Introduction to R
In this course, you will explore the versatility of R, a powerful language for statistical computing and graphics. You will discover the benefits of using R and get started with the basics, and fain confidence with the user-friendly R Studio interface and learn fundamental R concepts. You will also dive into the Tidyverse, a collection of packages for data storage, visualisation and manipulation. This course offers a solid foundation to kickstart your journey with R!
This book is designed to accompany the Introduction to R training that is starting at KNBS. To complete this course, you will need to have R Studio installed on your computer.
If you’re running through this book solo, it is recommended to run through it in order and try out all the of the exercises as you go through. Each exercise has a Solution dropdown, which allows you to view prompts to help with the question and see the answers.
Session aims
- navigate the R and R Studio environment
- understand and use the common R functions for data manipulation
- understand the basics of data visualisation using the ggplot2 package
- understand the term tidy data and why it is important for writing efficient code
What is R?
R is an open-source programming language and software environment, designed primarily for statistical computing. It has a long history - it is based on the S language, which was developed in 1976 in Bell Labs, where the UNIX operating system and the C and C++ languages were developed. The R language itself was developed in the 1990s, with the first stable version release in 2000.

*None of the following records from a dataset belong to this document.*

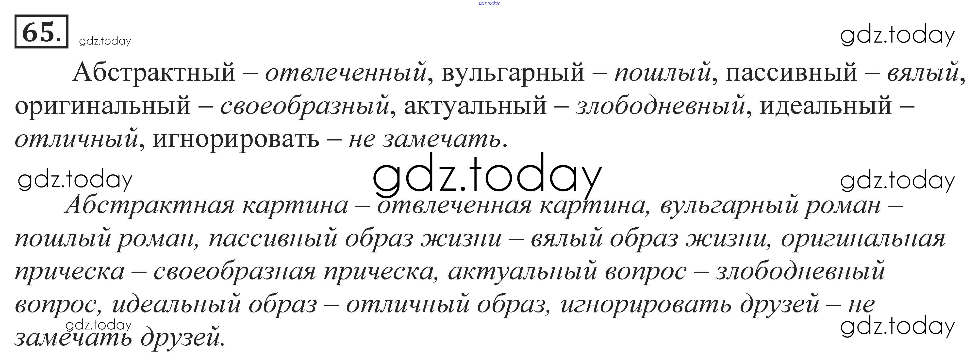 На страницах сайта gdz.today вы найдете учебный и вспомогательный материал, направленный на улучшения знаний школьной программы. ГДЗ - онлайн мир знаний Решение к упражнениям 65 Учебнику по Русскому языку для 10-11 класса Власенков, Рыбченкова Базовый уровень Просвещение 2014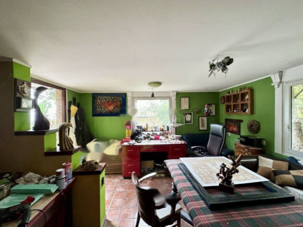 На огороженной территории имеется дополнительное здание площадью 20 м², использующееся как ателье, и несколько парковочных мест, одно из них крытое. Также на участке расположены два колодца и открытый гриль.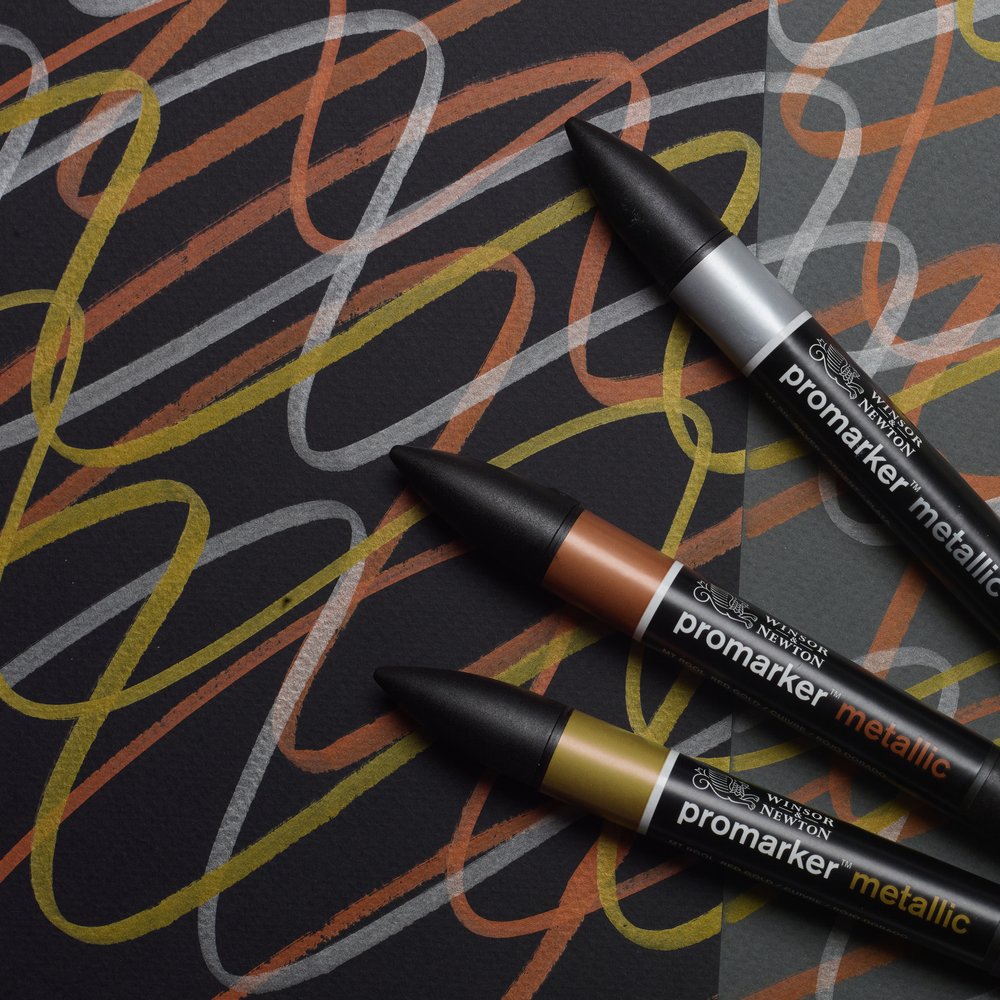 Tons métalliques - Encre translucide à base d'alcool, marqueurs à double pointe ; petite pointe fine et large pointe biseautée.

R has grown rapidly in popularity particularly in the last five years, due to the increased interest in the data science field. It is now a key tool used by analysts in governments globally.
Some of the advantages:
- It is popular - there is a large, active and rapidly growing community of R programmers, which has resulted in a plethora of resources and extensions.
- It is powerful - the history as a statistical language means it is well suited for data analysis and manipulation.
- It is extensible - there are a vast array of packages that can be added to extend the functionality of R, produced by statisticians and programmers around the world. These can range from obscure statistical techniques to tools for making interactive charts.
- It’s free and open source - a large part of its popularity can be owed to its low cost, particularly relative to proprietary software such as SAS or STATA.
Introducing RStudio
RStudio is an integrated development environment (IDE) for R. You don’t have to use an IDE but it’s strongly advised as it provides a user-friendly interface to work with. RStudio has four main panels;
- Script Editor (top left) - used to write and save your code, which is only run when you explicitly tell RStudio to do so.
- Console (bottom left) - all code is run through the console, even the code you write in the script editor is sent to the console to be run. It’s perfect for quickly viewing data structures and help for functions but should not be used to write code you want to save (that should be done in the script editor).
- Environment (top right) - all data, objects and functions that you have read in/created will appear here.
- Files/Plots/Help (bottom right) - this pane groups a few miscellaneous areas of RStudio.
- Files acts like the windows folder to navigate between files and folders.
- Plots shows any graphs that you generate.
- Packages let’s you install and manage packages currently in use.
- Help provides information about packages or functions, including how to use them.
- Viewer is essentially RStudio’s built-in browser, which can be used for web app development.
You may have noticed that your Script Editor is bigger than the Console or your Environment has suddenly disappeared. In RStudio, you can adjust the size of different panes by clicking and dragging the dividers between them. If you want to maximize a specific pane, such as the Script Editor, use the shortcut Ctrl + Shift + 1 (Windows/Linux) or Cmd + Shift + 1 (Mac) to focus on it. To restore the default layout, press Ctrl + Shift + 0 (Windows/Linux) or Cmd + Shift + 0 (Mac). You can also use the View menu to toggle different panes on and off, ensuring your workspace suits your needs.
If you find the text difficult to read or prefer a different appearance, you can customise the theme, font, and text size in RStudio. Go to Tools
> Global Options
> Appearance
, where you can choose from different editor themes (e.g., light or dark mode), adjust the font type, and increase or decrease the text size for better readability. These changes can help make coding more comfortable, especially during long sessions.
Recommended Changes
While not necessary, certain changes are almost always recommended for visibility reasons. These include:
- Choosing a different theme, as Textmate can be hard on the eyes. This can be done in
Tools
>Global Options
>Appearance
>Editor theme:
. - Highlight R function calls. This makes functions look a different colour than normal text, which can make reading your code much easier. This can be done in
Tools
>Global Options
>Code
>Display
>Highlight R function calls
. - Use Rainbow Parenthesis. This makes each pair of () in a line a different colour, which can help you catch if you’re missing one and it’s breaking your code. This can be done in
Tools
>Global Options
>Code
>Display
>Use rainbow parenthesis
.